The main motivation is to remove any user account dependency on automation workflows. Solution was to use Service Principal (SP) instead of user accounts for job ownership and triggering. **There are several ways in which SP can be setup to handle Databricks automation and below process only illustrates one specific way.**

**IMPORTANT - SP credentials, PAT are sensitive information and should be treated with care.
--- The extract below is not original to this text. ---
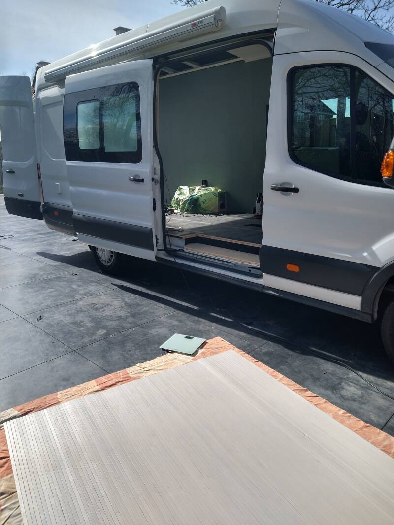 Op de eerste foto zie je het plafond op de grond buiten de bus liggen. Daar maakten we het op maat. Vervolgens eerst op de weegschaal en dan pas in de bus. Voor de onderdelen waarvan we het gewicht alleen nog maar ingeschat hadden (zoals plafond en vloer), wilden we toch echt even weten hoeveel kilo er weer bij kwam. Want 3500 kg is veel, maar met alle bouwmaterialen vul je het zo op...

Use key vault to store and access them at runtime.**

### Steps:

- Service Principal needs to be assigned to "contributor" role for the Azure Databricks (ADB) workspace resource in Azure (This will add SP to the admins group first time it is added to ADB).
- Add SP to ADB, will require an existing admin PAT to add SP to workspace
- Get Azure Active Directory (AAD) OAuth2 access token using (SP) creds
- Get Databricks PAT using AAD OAuth2 access token
- Add PAT to Azure key vault and use this in automation, or to trigger jobs from Azure Data Factory (ADF)!
    - i.e,  ADB_PAT = dbutils.secrets.get(scope = "azure-kv", key = "sp-pat")   
    - **Currently ADF does not allow for OAuth2 workflow, needs PAT**  

**For jobs**
- Transfer ownership of jobs to SP
- As SP was added to admin group (via membership to contributor role in Azure), it will have inherited "Manage" permission to all Clusters, access to all notebooks and secret scopes!!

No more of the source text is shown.